Near-Infrared Fluorescence Imaging
Near-infrared fluorescence (NIRF) imaging caries a great potential for the study of vascular inflammation. It relies on the use of activatable markers that have the ability to bind molecules associated with plaque vulnerability and fluorescence when they irradiated by near-infrared light (see Fig. 21–1C). Advances in molecular biology have enabled detection of fibrin, of plaque’s inflammation, and identification of neovascularization.48 Recently, a two-dimensional rotational NIRF catheter has been designed that is pulled back by an automated pullback device at a constant speed, enabling generation of a spread out plots of the coronary plaque inflammation and assessment of vessel wall biology.49 This design enables in vivo detection of different molecules, such as thrombin, matrix metalloproteinases 2 and 9, and cathepsin K, D, and S, and permits assessment of plaque biology, inflammation, and neorevascularization.

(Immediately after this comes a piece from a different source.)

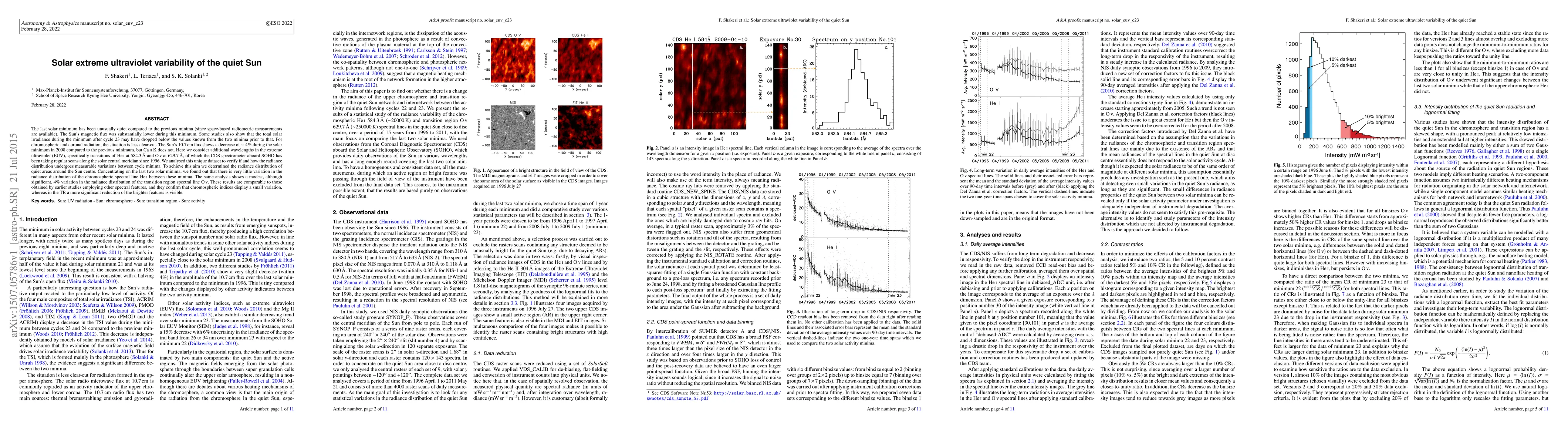 The study investigates solar extreme ultraviolet variability during the last quiet Sun minimum, finding a small variation in chromospheric spectral lines but a more significant reduction in transition region spectral lines compared to previous minima.

Significant limitations of this modality are (1) that it requires injection of an activatable agent; (2) that it cannot provide depth-resolved information, and (3) assess the lumen, outer vessel wall, and plaque dimensions and composition.

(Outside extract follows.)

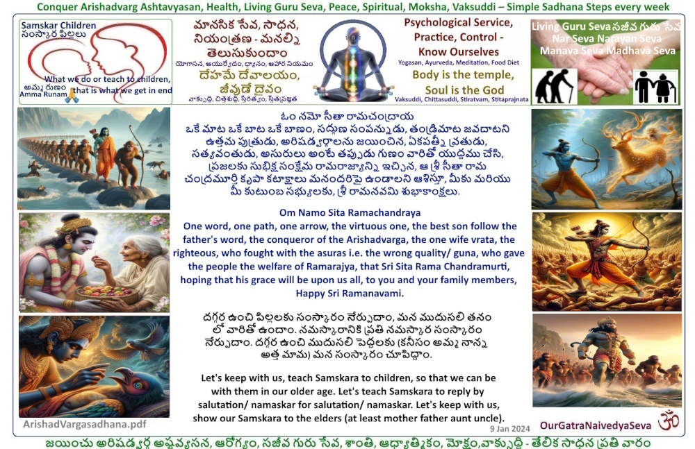 కనీసం రాముని, సీతమ్మ, హనుమాన్, లవ, కుశ, విభీషణ, సుగ్రీవ, వాల్మీకి, కౌసల్య, శబరి గుణాలు, ఇంట్లో మనకు భాగస్వామికు పిల్లలుకు ఒకరికైనా, చేతలలో ఉన్నాయి అని ధైర్యంగా పదిమందికి చెప్పగలమా?

Time-Resolved Fluorescence Spectroscopy
Time-resolved (lifetime) fluorescence spectroscopic (TRFS) imaging using pulsed ultraviolet light appears able to provide information about the compositional characteristics of the plaque. It relies on the assessment of the time required to resolve the fluorescence emitted after molecules being excited by light. The compositional characteristics of the plaque (ie, the lipid component, macrophages, elastin, and collagen) have different fluorescence properties; thus TRFS has a value in assessing plaque composition and inflammation (see Fig. 21–1D).50
Recent technological advances in fluorescence lifetime imaging have enabled adaptation of these techniques for intravascular scanning.51,52 Experimental studies have shown that TRFS measurements enable detection of diseased segments, visualization of pathological changes in the superficial plaque (~ 250-300 μm depth), and characterization of the phenotype of the plaque and differentiation of TCFA from FA.